> ASSIGNED TASK: An exact copy of all the data, minus the images, is required.

SOURCE DATA Block Start

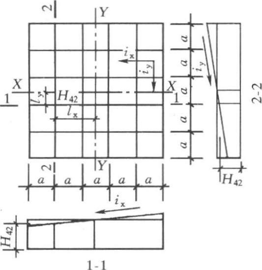 如果按照式(1-2-2)计算出的设计标高进行场地平整,那么,整个场地表面将处于同一个水平面,但实际上由于泄水要求,场地表面都需作成一定的泄水坡度。因此,还需按照场地泄水坡度的要求(单向泄水或双向泄水),计算出场地内各方格角点设计标高的实际施工值。
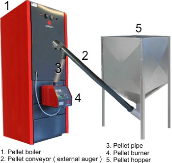 The pellet conveyor (external auger) transports pellets from the pellet container to the burner. The burner controls the work of the external auger. The external auger is connected to the burner with a special ∅ 60mm hose. The hose is made of melting polyurethane material. It acts as a safety measure against back-burning because melts in back-burning.
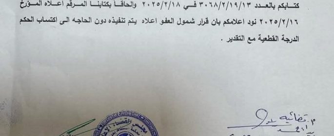 بالوثيقة : القضاء يوجه دائرة السجون بتنفيذ العفو العام واطلاق سراح المشمولين “فوراً”
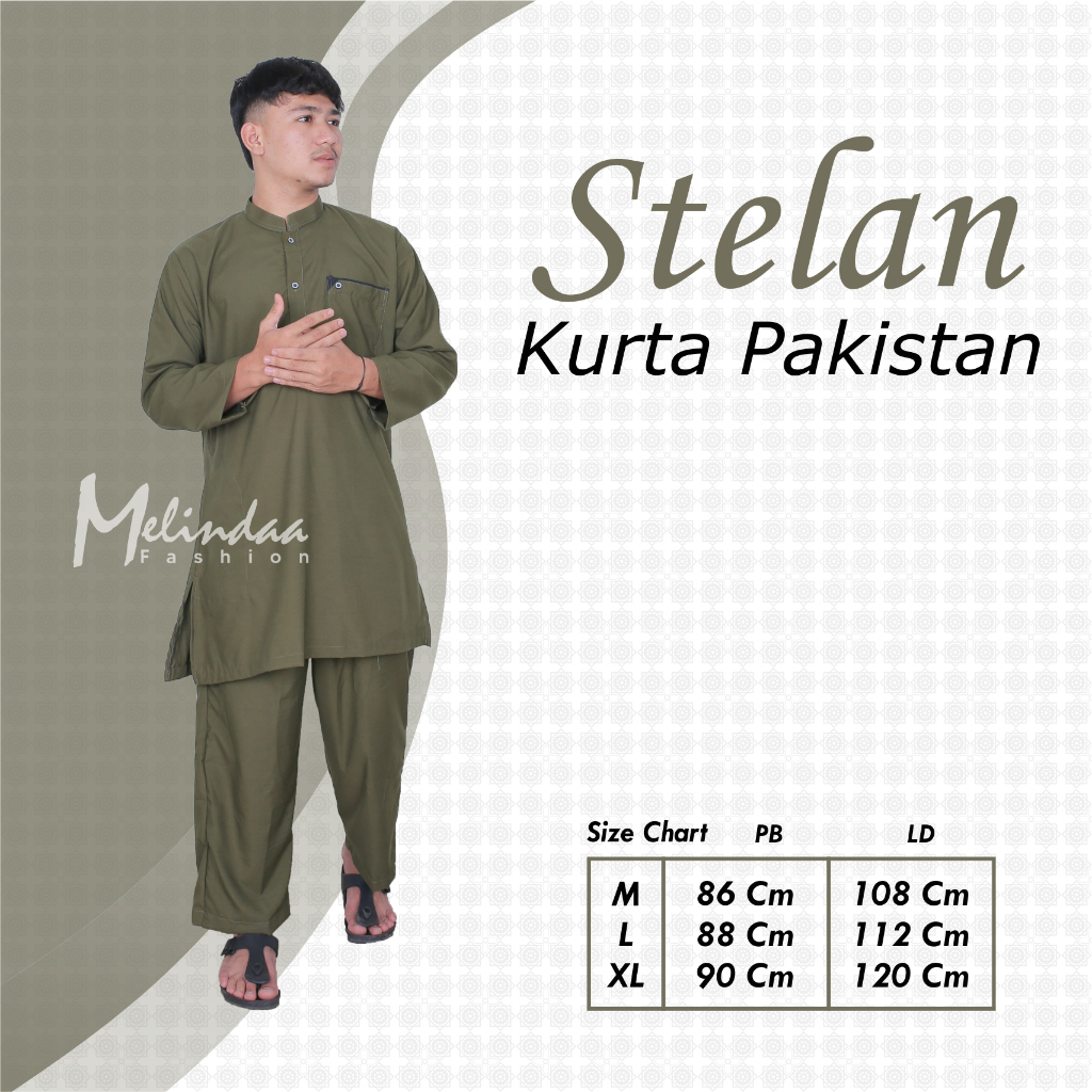 Baju Koko Stelan Kurta Pakistan Pria Dewasa & Remaja - Oneset Baju Koko Muslim Lengan Panjang Kancing Strip Dan Saku

SOURCE DATA Block End

> EXPECTED ANSWER:
 如果按照式(1-2-2)计算出的设计标高进行场地平整,那么,整个场地表面将处于同一个水平面,但实际上由于泄水要求,场地表面都需作成一定的泄水坡度。因此,还需按照场地泄水坡度的要求(单向泄水或双向泄水),计算出场地内各方格角点设计标高的实际施工值。
 The pellet conveyor (external auger) transports pellets from the pellet container to the burner. The burner controls the work of the external auger. The external auger is connected to the burner with a special ∅ 60mm hose. The hose is made of melting polyurethane material. It acts as a safety measure against back-burning because melts in back-burning.
 بالوثيقة : القضاء يوجه دائرة السجون بتنفيذ العفو العام واطلاق سراح المشمولين “فوراً”
 Baju Koko Stelan Kurta Pakistan Pria Dewasa & Remaja - Oneset Baju Koko Muslim Lengan Panjang Kancing Strip Dan Saku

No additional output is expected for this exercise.